On 21/11/14 13:31, Bernhard R. Link wrote:
> Otherwise that memory
> might afterwards be regarded as lzo_memops_TU2_struct

lzo_memops_TU2_struct is declared with __attribute__((__may_alias__)),
so actually the right thing should be happening WRT aliasing in this case.

On 21/11/14 13:21, Thorsten Glaser wrote:
> • for i386 and especially amd64, all subarchitectures supported
>   by Debian/Linux jessie suffer so much from unaligned access,
>   speed-wise, that it’s worth the overhead of forcing aligned
>   access (i386, i486 maybe were not as badly affected)

I was hoping this statement was correct, because if it was, avoiding
unaligned accesses would be a clear win regardless, and the right thing
to do would be entirely uncontroversial.

Unfortunately, on my x86-64 laptop, my patched liblzo2 with
-DLZO_CFG_NO_UNALIGNED on all architectures seems to be half as fast as
the unpatched one for a simple test-case (uncompress
linux_3.17.orig.tar.xz to linux_3.17.orig.tar in a tmpfs, time lzop -c <
linux_3.17.orig.tar > /dev/null, repeat 3 times; results agree within 10%).

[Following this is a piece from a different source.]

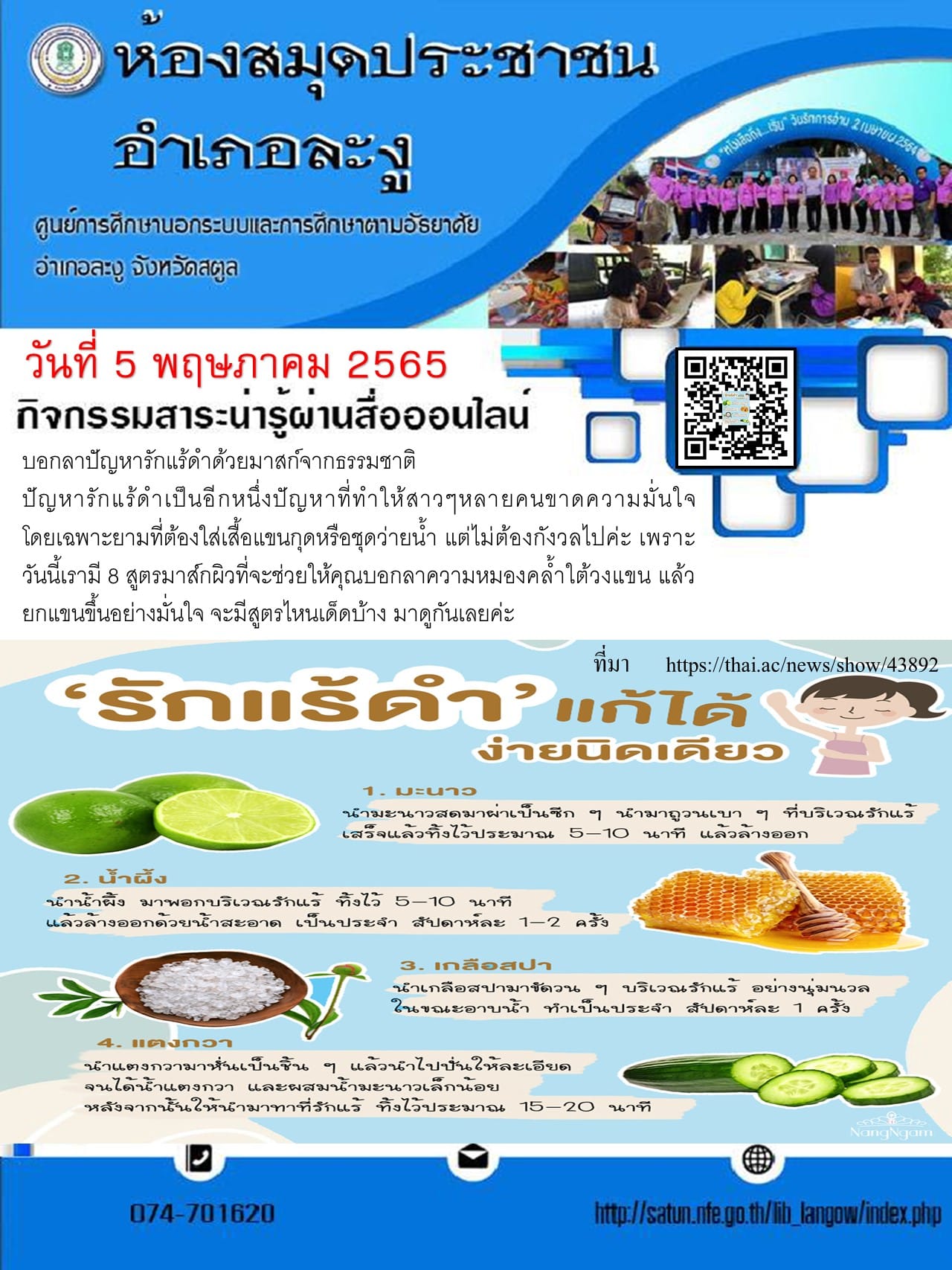 ห้องสมุดประชาชนอำเภอละงู จัดกิจกรรมส่งเสริมการอ่านออนไลน์ สาระน่ารู้ : เรื่อง รักแร้ดำแก้ได้ง่ายนิดเดียว

I'm trying out a slightly different approach: keeping the unaligned
accesses via casts like *(uint16_t *) on architectures where lzodefs.h
specifically allows them, but disabling the casts via
struct { char[n] } conditional on alignof(that struct) == 1, which seem
to be the problematic ones.

The CPUs for which lzodefs.h uses those casts are amd64, arm*
conditional on target CPU (so armel but not armhf in Debian terms),
arm64, cris, i386, m68k conditional on target CPU (__mc68020__ but not
__mcoldfire__), powerpc* if big-endian, and s390*.